The Corner

Too Big to Fail, Once More

Treasury secretary Geithner and Fed chairman Bernanke have unveiled their new plan to give Treasury and the Federal Reserve new powers to regulate troubled non-bank financial institutions that are deemed to be “too big to fail.” Their plan — if approved by Congress — will give the government new powers to seize and re-organize institutions like insurance companies, investment banks, and hedge funds whose collapse might have significant systemic effects. 

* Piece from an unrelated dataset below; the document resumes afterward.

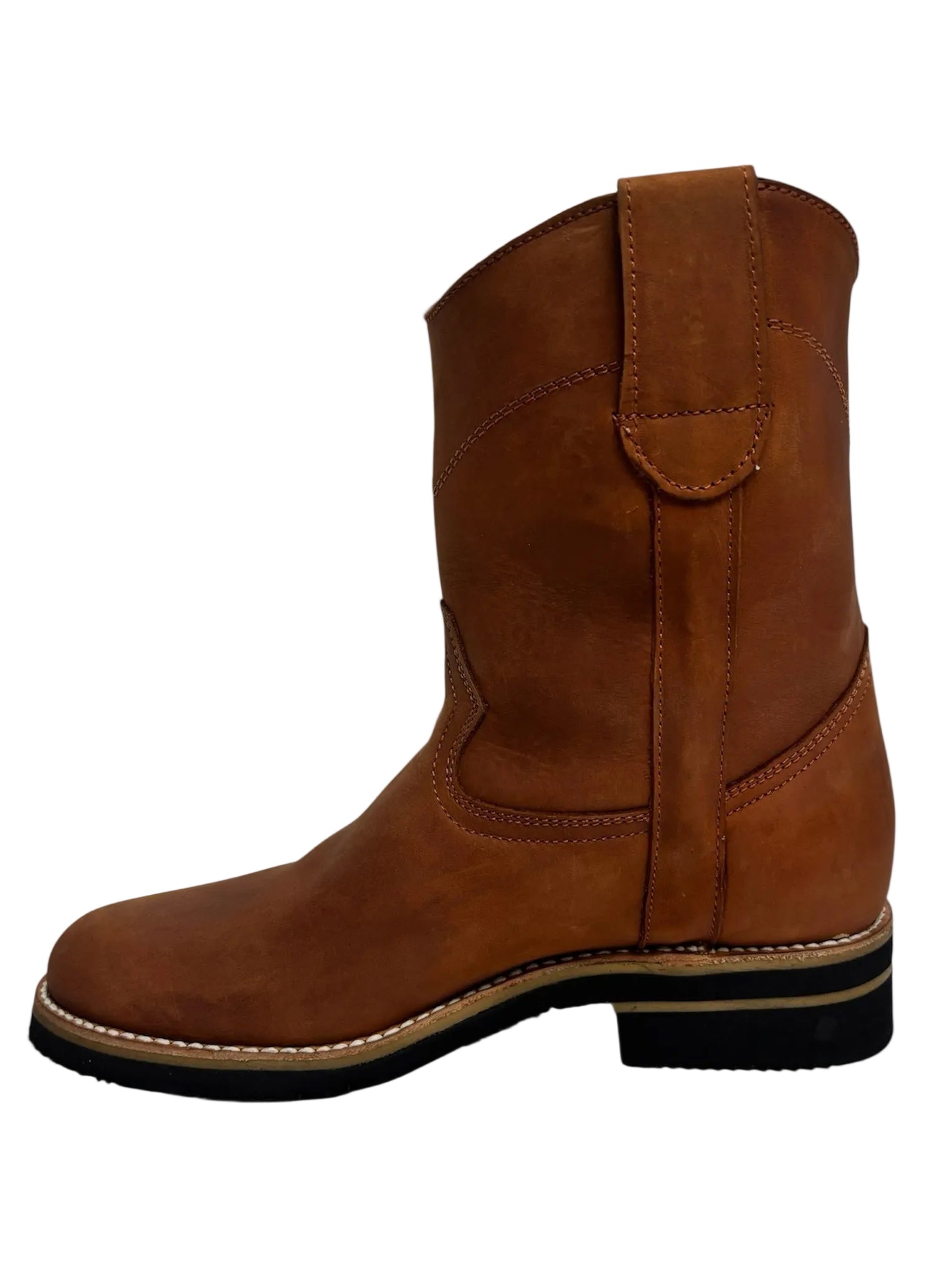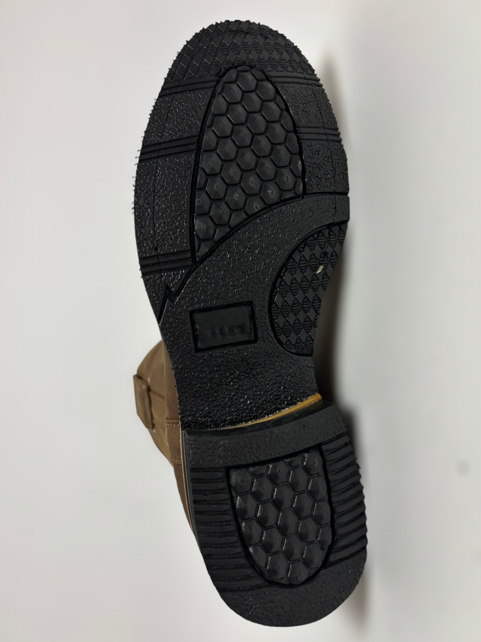 Tauro work boot made with high-resistance leather. Features reinforced stitching, slip-resistant rubber sole, and a low heel for added stability. Ideal for heavy-duty tasks or everyday wear due to its comfort and durability.

Messrs. Bernanke and Geithner claim that such powers, had they been available last September, would have allowed financial authorities to undertake a more orderly unwinding of AIG and to avoid in the future such troubles as have arisen recently regarding payment of bonuses to AIG executives and much larger payments from AIG to its various counterparties to cover credit-default swaps which should have never been sold in the first place. 

Perhaps this is so. However, on the other side, a few contrary observations:

  1. The “too big to fail” doctrine is now being expanded to the point whereby we are no longer sliding down a “slippery slope” toward government management of the financial system — we are plummeting down an ice-covered crevice toward a near inevitable outcome by which credit and investment decisions throughout the economy will be tinged by political influences, primarily by those arising out of the Democratic party. We have already had a small taste of what this will mean via federal intervention in the home-mortgage markets.
  2. There was never a strong case for the rescue of AIG last September. It was not likely that the international economy was going to “melt down” if AIG failed. Executives from Goldman Sachs (AIG’s largest “counterparty” bank) have said that their company was never in jeapardy of failing as a consequence of AIG’s insolvency. This was probably true of other counterparty banks as well. AIG’s liabilities, while large, were not large enough to bring down the financial system. AIG, in contrast to Lehman Brothers, was not a bank at all but an insurance company. Bernanke and Paulson were operating in the dark, based on what they were told by bankers who stood most to gain from the rescues.  
  3. Bernanke and Paulson panicked last September and, in the process, threw the national election to the Democrats and established a terrible precedent in the rescue of AIG that has led to embarrassments and now to ever more ambitious missteps.  
  4. Why (as Republican appointees) did they do this? It is hard to say. Paulson, as the former chairman of Goldman, was operating within a Wall Street perspective and with massive conflicts of interest. Bernanke was determined to apply lessons he learned from the Great Depression to a situation that was not at all the same. In the 1930s, banks failed as a consequence of the economic slump, the restrictive-money policies of the Fed, and the unwillingness of central bankers to use their authority to provide liquidity to failing banks. In the present crisis, central banks had sufficient authority already to guarantee inter-bank loans and to provide liquidity to the system in the face of AIG’s insolvency. In any case, the great proportion of banks in the country were solvent at the time and have remained so irrespective of the rescues.
  5. In addition to extending the bad precedent of AIG, Bernanke and Geithner are putting the cart before the horse, focusing on rescues instead of looking to limited regulatory measures that might prevent such collapses in the first place or at least limit their consequences. Here, once again, they appear to be “going to school” on the depression when FDR responded to the crisis by expanding the control of Treasury and the Fed over the banking system — for example, by providing authority to take over and reorganize failing banks. This was an appropriate and timely measure in the context of the period. It does not follow that an extension of this precedent is appropriate today.
  6. It is a mistake to view the bank and AIG rescues as disconnected from new stimulus and budgetary policies. They are in fact intimately connected. Once having rescued Wall Street institutions, Democrats could not say ”no” to their various constituency groups when they came calling for their own new funding. It is hardly a coincidence that the stimulus and the original rescue packages were roughly the same size — $800 billion or thereabouts. It is not possible to provide rescues to large Wall Street institutions without at the same time passing out large sums of money to other politically well-positioned groups in the economy. This is exactly what is happening now. Thus bad policy leads to ever-more dubious policies, to the point where any benefit from the rescues are overweighed by the costs of other policies flowing from them.

There should be a broader discussion of the inter-related issues of “systemic risk” and the “too big to fail” doctrine — particularly as they are used to justify such far-reaching interventions by federal authorities. 

– James Piereson is the former executive director of the John M. Olin Foundation and a contributor to various conservative publications.